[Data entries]

==*==

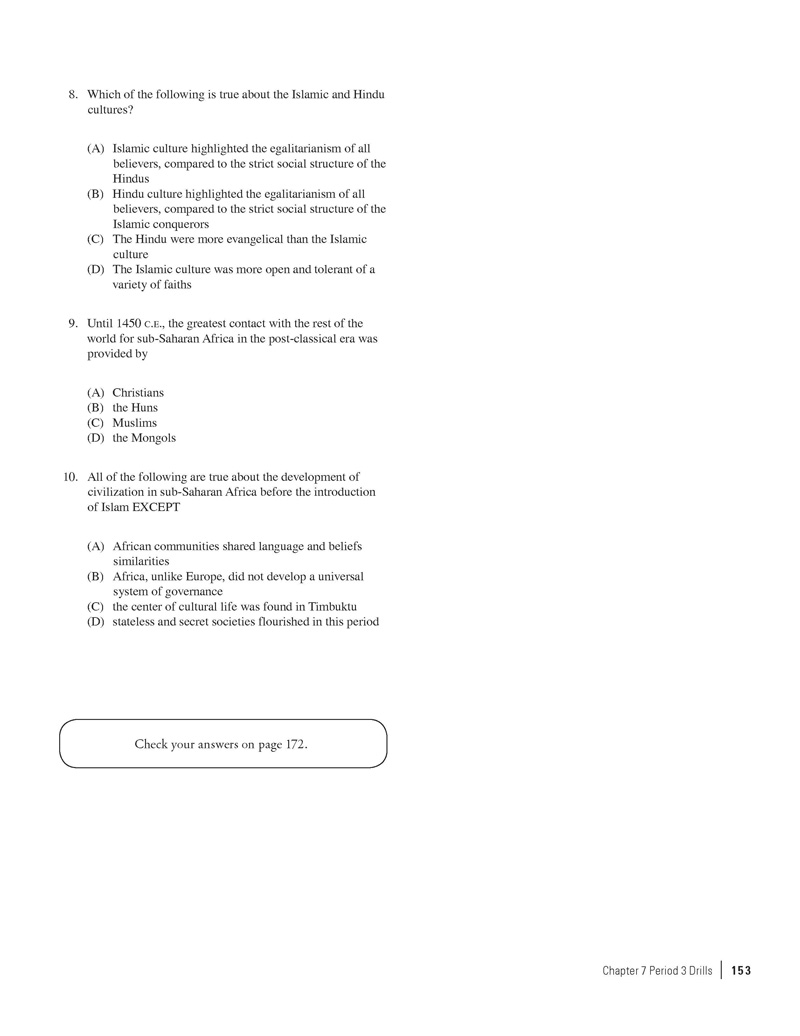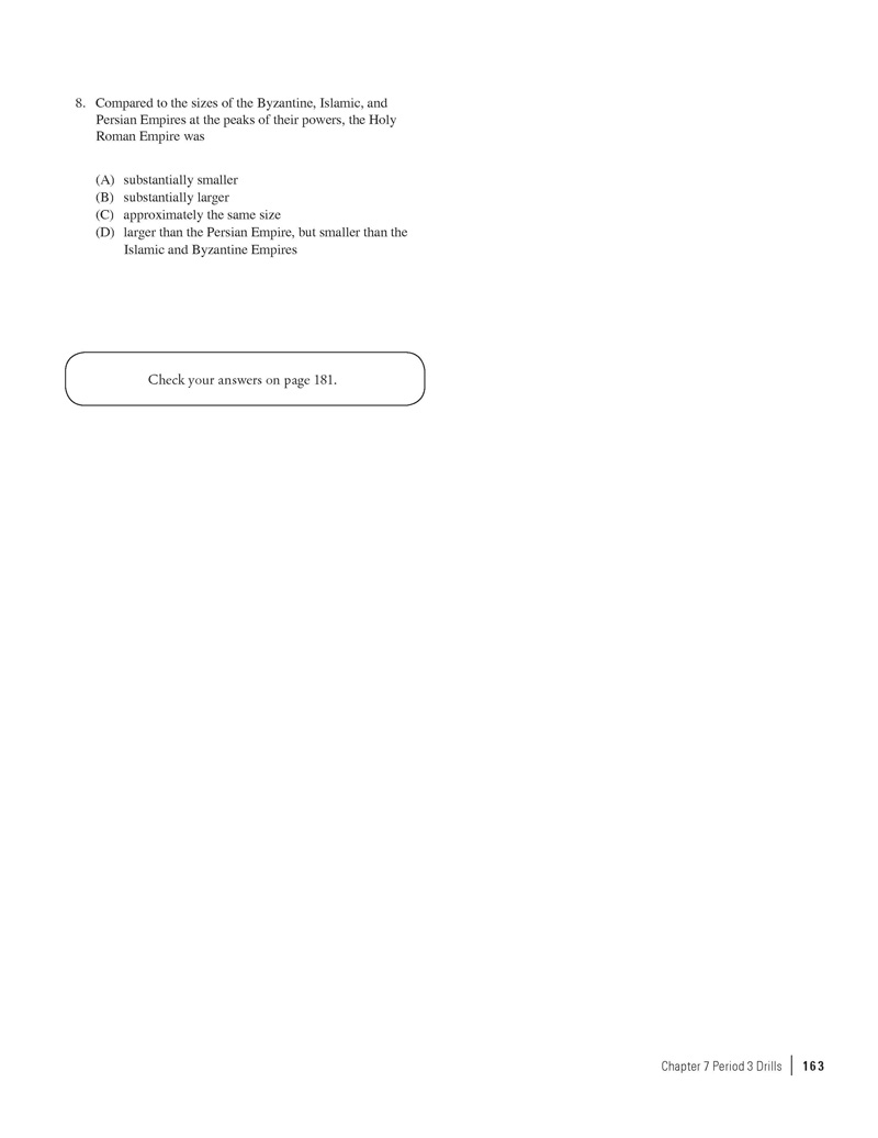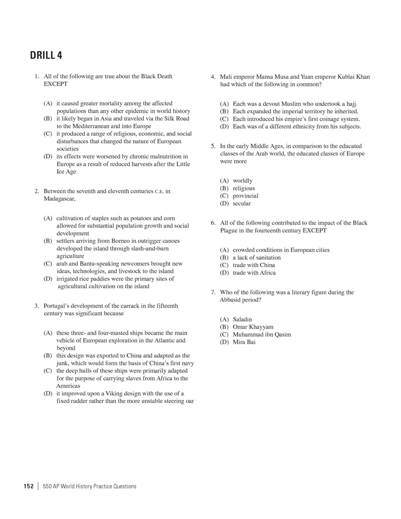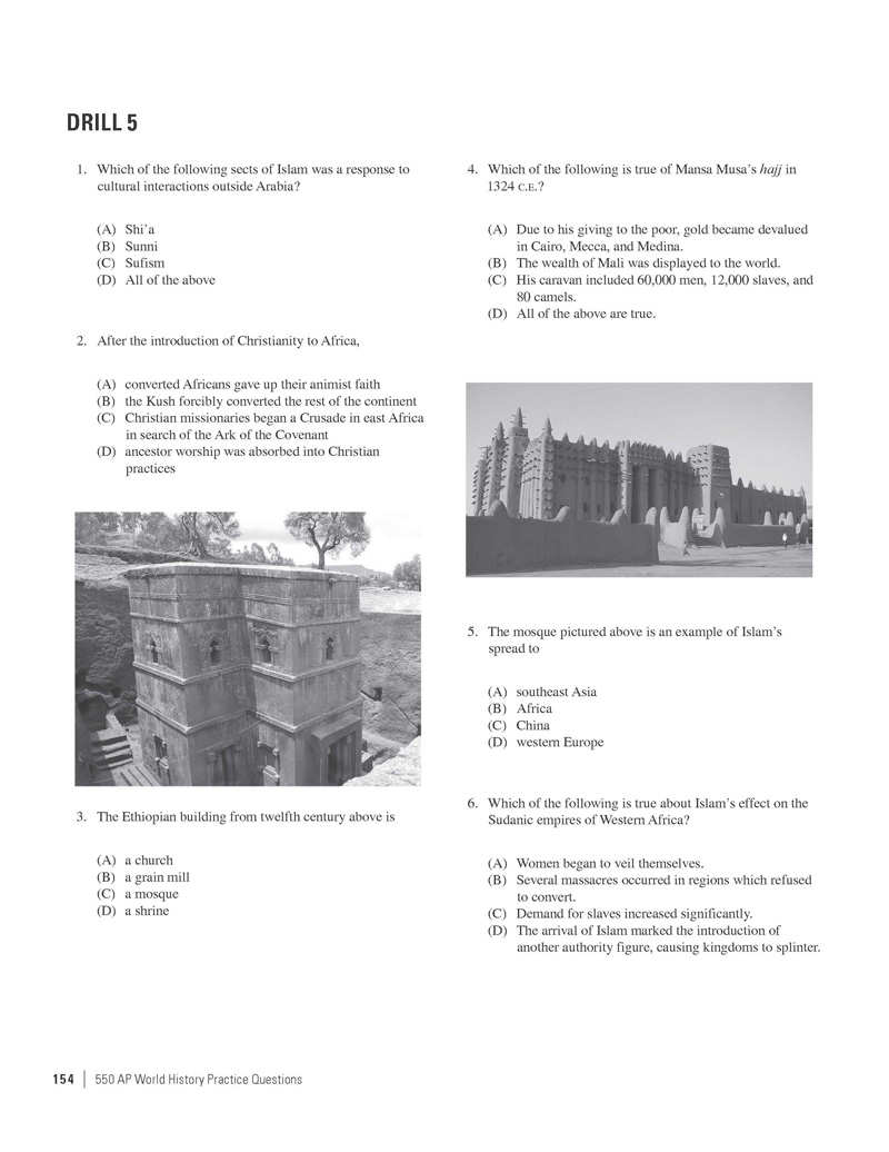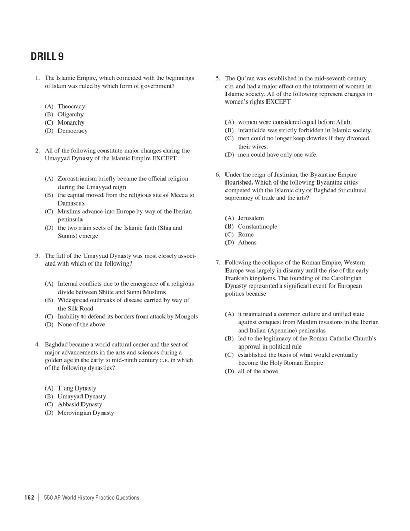 Excerpted from 550 AP World History Practice Questions by the Staff of The Princeton Review. Copyright © 2014 by The Princeton Review, Inc. Excerpted by permission of The Princeton Review imprint of the Random House Children's Group, a division of Random House LLC. All rights reserved. No part of this excerpt may be reproduced or reprinted without permission in writing from the publisher.
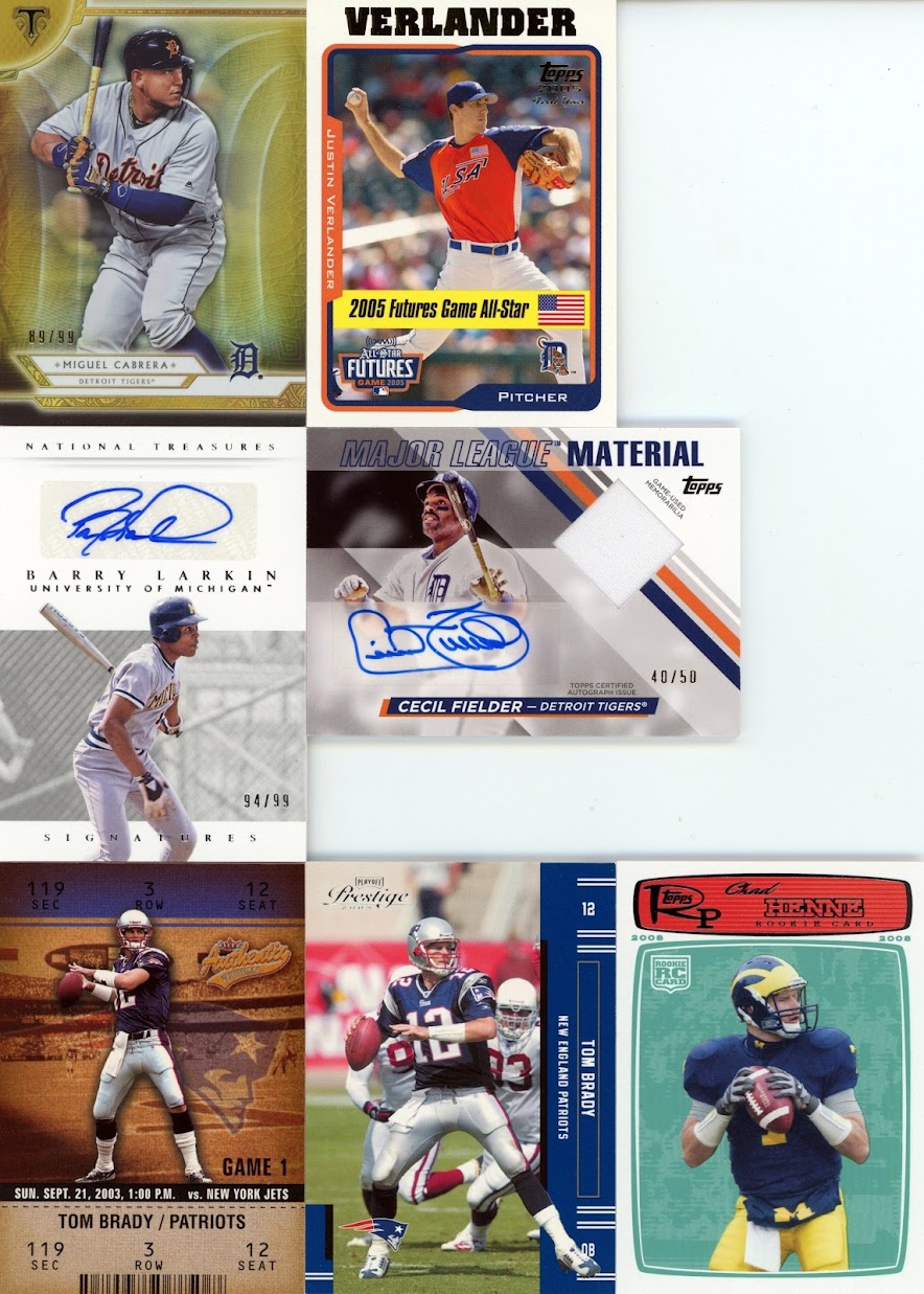 As if all of that wasn't enough, he even balanced out the envelope a bit with a few football cards. QB Tom Brady appears courtesy of 2003 Fleer Authentix (and its ticket motif) and 2005 Prestige, which is one of the product's nicer designs. To cap things off he threw in another signal-caller, blog favorite Chad Henne, as seen on his 2008 Topps Rookie Progression RC while wearing Michigan's iconic uniform.
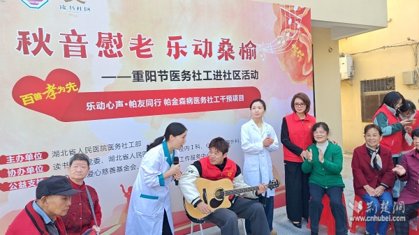 黃鶴書房外,由社區(qū)聯(lián)合武漢大學(xué)人民醫(yī)院共同舉辦的“秋音慰老,樂動桑榆”主題活動別具特色,融合健康義診、傳統(tǒng)美食、趣味游藝于一體。
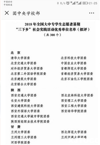在由团省委举办的2018年陕西大中专学生“三下乡”社会实践活动评选中,我院“三下乡”活动成果最终被团省委评为“省级示范学校”、2018年全国大中专学生志愿者暑期“三下乡”社会实践活动优秀单位。我院青年志愿者协会初晨队、羽翼队,支农促进会朝阳队被评定为“省级优秀团队”、我院尹洋洋、曹妍同学被评为省级先进个人。
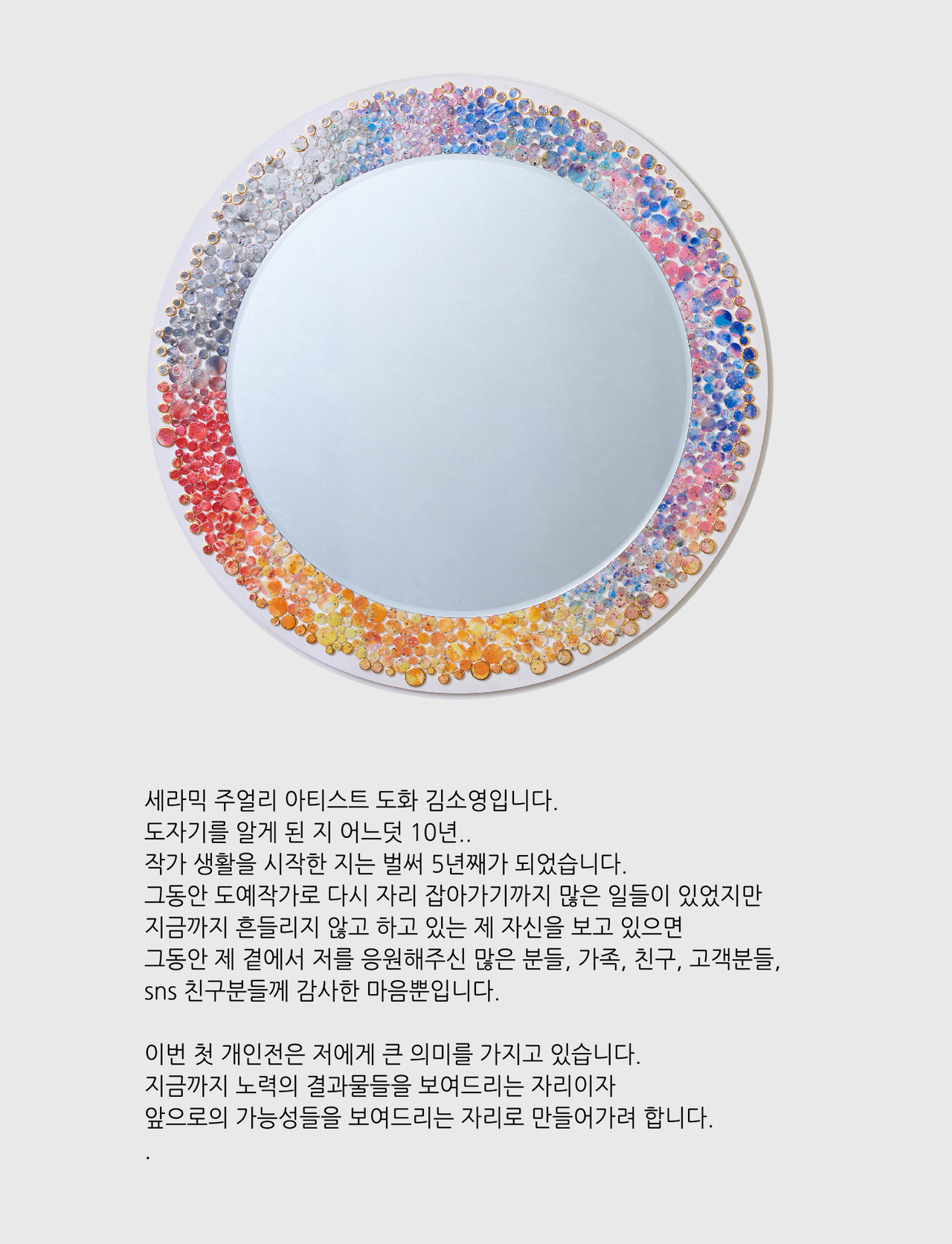 Kim So-young's first solo exhibition delves into the artist's inner emotions through ceramic painting. Over time, the artist has explored her inner world through this unique medium. In particular, themes such as the window to the soul, love, pain, excitement, obsession, beliefs, and carpe diem are expressed, presenting new artistic horizons. These themes reflect the various emotions the artist experiences and carries with her.

==*==

**What is being asked:** Take the line that contains "黃鶴書房外,由社區(qū)聯" and every line after it up to the end of the records above, and restate them exactly, without the pictures.

**Output for this task:**
 黃鶴書房外,由社區(qū)聯(lián)合武漢大學(xué)人民醫(yī)院共同舉辦的“秋音慰老,樂動桑榆”主題活動別具特色,融合健康義診、傳統(tǒng)美食、趣味游藝于一體。
在由团省委举办的2018年陕西大中专学生“三下乡”社会实践活动评选中,我院“三下乡”活动成果最终被团省委评为“省级示范学校”、2018年全国大中专学生志愿者暑期“三下乡”社会实践活动优秀单位。我院青年志愿者协会初晨队、羽翼队,支农促进会朝阳队被评定为“省级优秀团队”、我院尹洋洋、曹妍同学被评为省级先进个人。
 Kim So-young's first solo exhibition delves into the artist's inner emotions through ceramic painting. Over time, the artist has explored her inner world through this unique medium. In particular, themes such as the window to the soul, love, pain, excitement, obsession, beliefs, and carpe diem are expressed, presenting new artistic horizons. These themes reflect the various emotions the artist experiences and carries with her.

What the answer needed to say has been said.